EXERCISE OBJECTIVE: Only the pictures should be left out; write out all other data exactly.

GIVEN DATA:
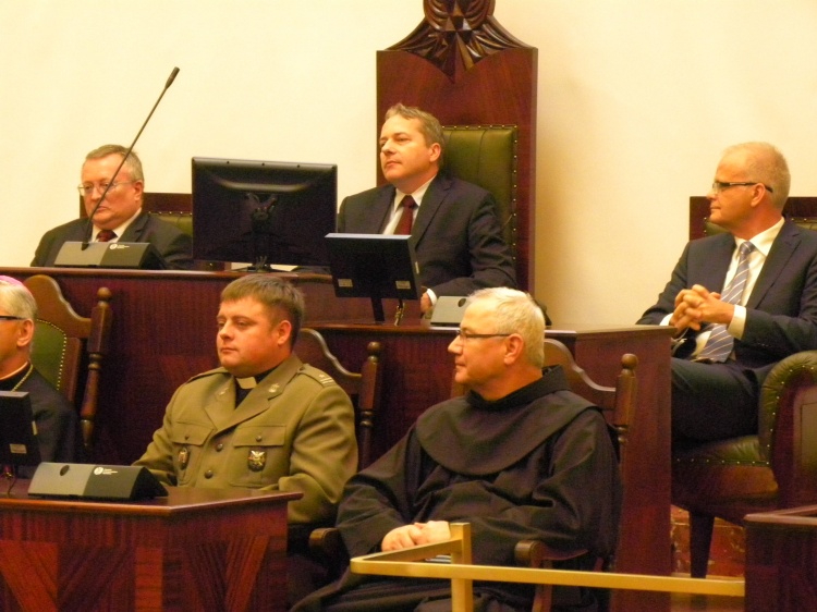 W Sali Sejmu Śląskiego licznie reprezentowani byli członkowie wojewódzkich służb mundurowych. Życzenia świąteczne złożył zebranym Marszałek Województwa Wojciech Saługa.
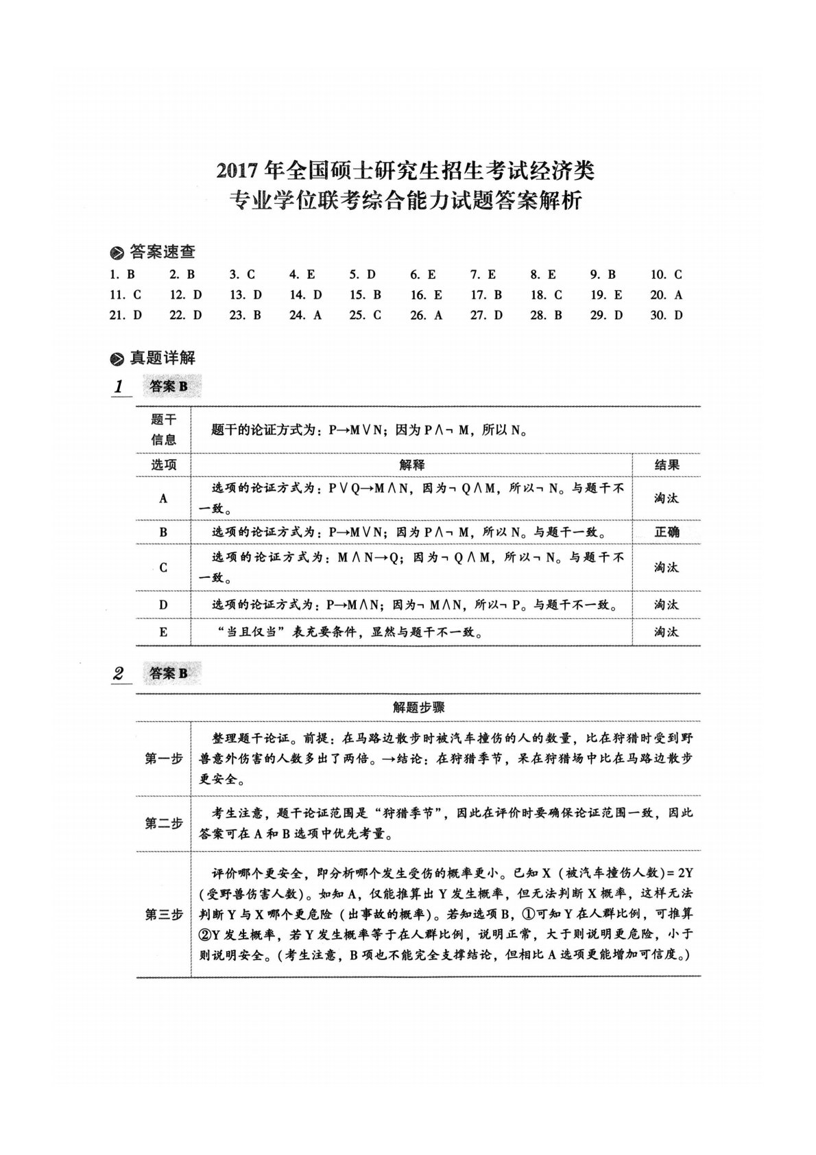 2017年全国硕士研究生招生考试经济类专此学位联考综合能力试题答案解析②答案速查1.B2.B3.C4.E5.D6.E7.E8.E9.B10.C11.C12.D13.D14.D15.B16.E17.B18.C19.E20.A21.D22.D23.B24.A25.C26.A27.D28.B29.D30.D©真题详解1:答案题干I在0I题干的论证方式为:PfMVN;因为P/\「M,所以N。1B息!一连研]丽[—塔惠;选项的论证方式为:PVQTMAN,因为]QAM,所以rN。与题干不!八.A1|淘汰i一致。iB!选项的论证方式为:P—MVN;因为所以N。与题干一致。|正确!选项的论证方式为:MANfQ...
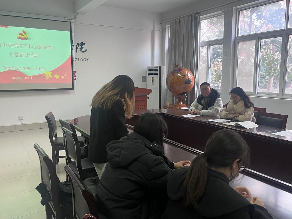 会议第二项,由员工第二党支部组织委员张花杰老师领学“学习中央经济工作会议精神”。习近平总书记出席该会议并发表重要讲话,全面总结2023年经济工作,深刻分析当前经济形势,系统部署2024年经济工作,为中国经济高质量发展定向领航。该会议号召,全党要紧密团结在以习近平同志为核心的党中央周围,要坚定信心、开拓奋进,努力实现经济社会发展各项目标任务,以高质量发展的实际行动和成效,为以中国式现代化全面推进强国建设、民族复兴伟业作出新的更大贡献。通过学习会议内容和会议精神,参会师生热烈讨论,王浩迪、闫琬珺、杨纤纤等7名员工党员发表学习心得。
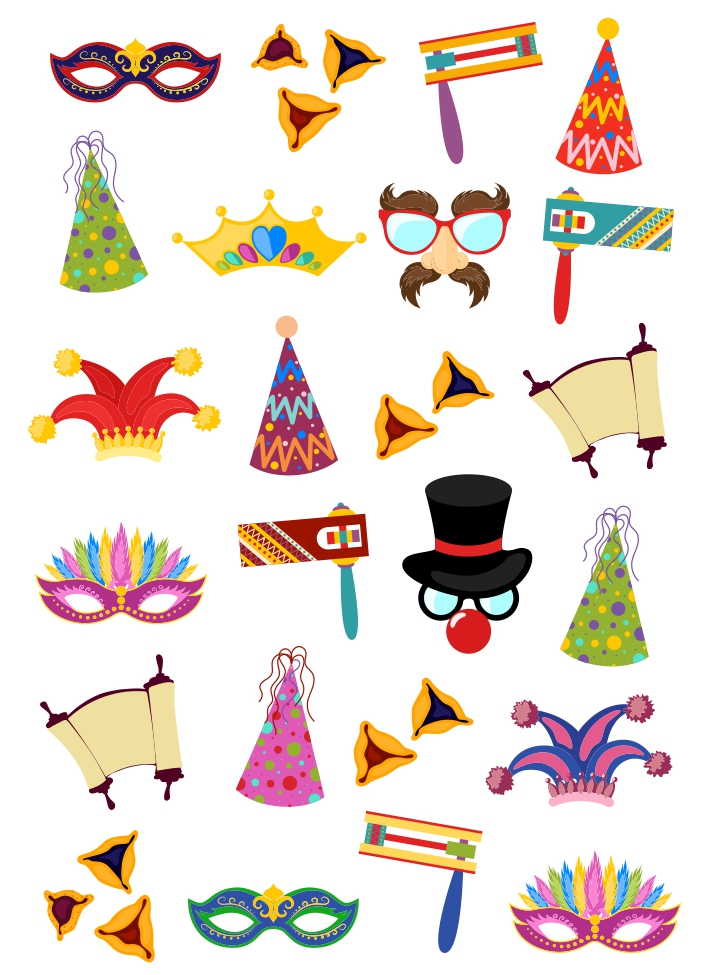 מדבקות צבעוניות בצורות של פורים 10 דפים לגני ילדים

RESPONSE TO THIS EXERCISE:
 W Sali Sejmu Śląskiego licznie reprezentowani byli członkowie wojewódzkich służb mundurowych. Życzenia świąteczne złożył zebranym Marszałek Województwa Wojciech Saługa.
 2017年全国硕士研究生招生考试经济类专此学位联考综合能力试题答案解析②答案速查1.B2.B3.C4.E5.D6.E7.E8.E9.B10.C11.C12.D13.D14.D15.B16.E17.B18.C19.E20.A21.D22.D23.B24.A25.C26.A27.D28.B29.D30.D©真题详解1:答案题干I在0I题干的论证方式为:PfMVN;因为P/\「M,所以N。1B息!一连研]丽[—塔惠;选项的论证方式为:PVQTMAN,因为]QAM,所以rN。与题干不!八.A1|淘汰i一致。iB!选项的论证方式为:P—MVN;因为所以N。与题干一致。|正确!选项的论证方式为:MANfQ...
 会议第二项,由员工第二党支部组织委员张花杰老师领学“学习中央经济工作会议精神”。习近平总书记出席该会议并发表重要讲话,全面总结2023年经济工作,深刻分析当前经济形势,系统部署2024年经济工作,为中国经济高质量发展定向领航。该会议号召,全党要紧密团结在以习近平同志为核心的党中央周围,要坚定信心、开拓奋进,努力实现经济社会发展各项目标任务,以高质量发展的实际行动和成效,为以中国式现代化全面推进强国建设、民族复兴伟业作出新的更大贡献。通过学习会议内容和会议精神,参会师生热烈讨论,王浩迪、闫琬珺、杨纤纤等7名员工党员发表学习心得。
 מדבקות צבעוניות בצורות של פורים 10 דפים לגני ילדים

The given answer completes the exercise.